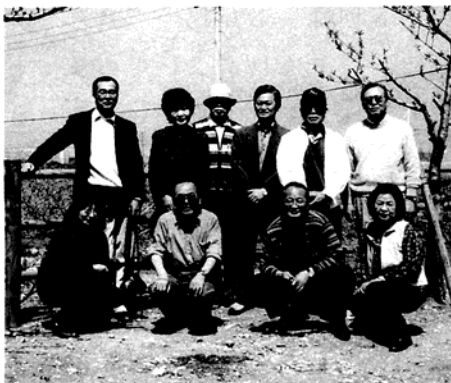
桃源郷で桃畑を背景に

(栄様は過年度に出資いただきましたながら会報掲載が漏れていたものです。慎んでお詫び申し上げます。)
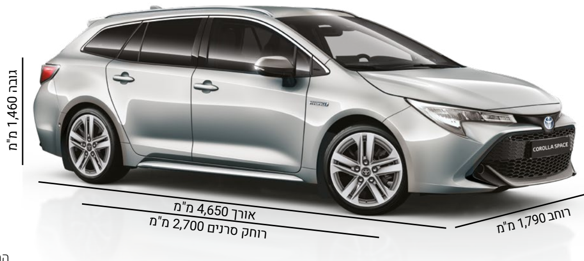
התמונה להמחשה בלבד.
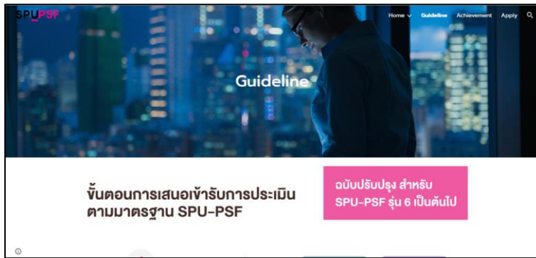
ภาพที่ 2 หน้าจอแสดงเมนู Guideline
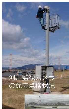
河川監視カメラの保守点検状況

各河川事務所では、多くの河川管理施設が老朽化にともなう更新時期を迎えています。このような実態を踏まえ、河川維持管理計画や長寿命化計画等の計画を基にそれぞれの施設の状況に応じた点検を実施し、施設の機能維持に努めています。
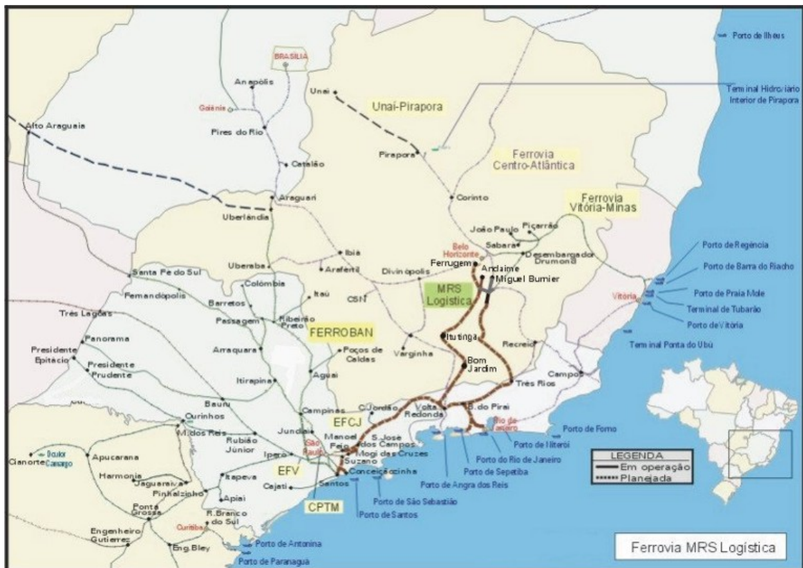
Figura 4: Mapa da MRS Logística S. A (ANTT, 2006).

Como descreve Rodrigues (2004, p. 63) essas interligações com as regiões metropolitanas das capitais citadas anteriormente, proporcionam um escoamento nos principais centros ferríferos mineiro para as usinas siderúrgicas. A figura 4 demonstra o mapa da MRS.
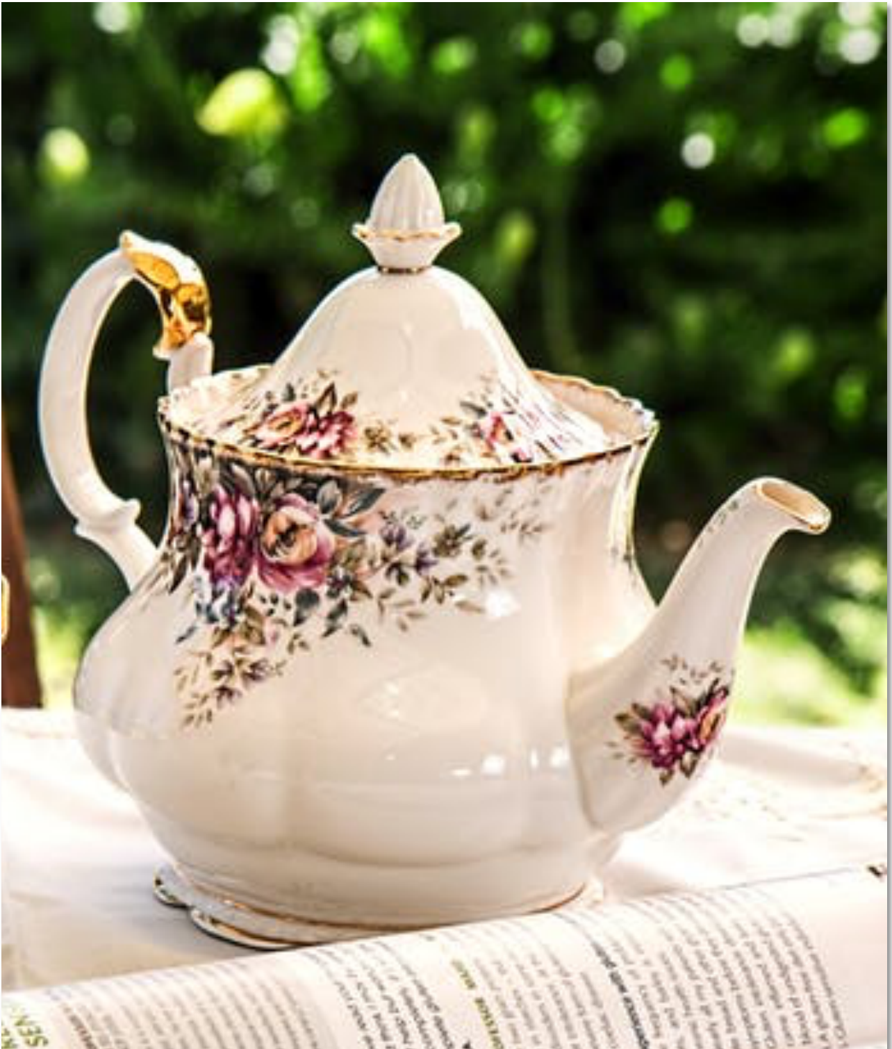
Figur 10.
# # # #
■ **How to complete this task**
Beginning with the line that contains "ภาพที่ 2 หน้าจอแสดงเมนู Guideline" and ending with the last line of the data, restate each line word for word. Exclude the pictures.

■ **Solution below**
ภาพที่ 2 หน้าจอแสดงเมนู Guideline
河川監視カメラの保守点検状況

各河川事務所では、多くの河川管理施設が老朽化にともなう更新時期を迎えています。このような実態を踏まえ、河川維持管理計画や長寿命化計画等の計画を基にそれぞれの施設の状況に応じた点検を実施し、施設の機能維持に努めています。
Figura 4: Mapa da MRS Logística S. A (ANTT, 2006).

Como descreve Rodrigues (2004, p. 63) essas interligações com as regiões metropolitanas das capitais citadas anteriormente, proporcionam um escoamento nos principais centros ferríferos mineiro para as usinas siderúrgicas. A figura 4 demonstra o mapa da MRS.
Figur 10.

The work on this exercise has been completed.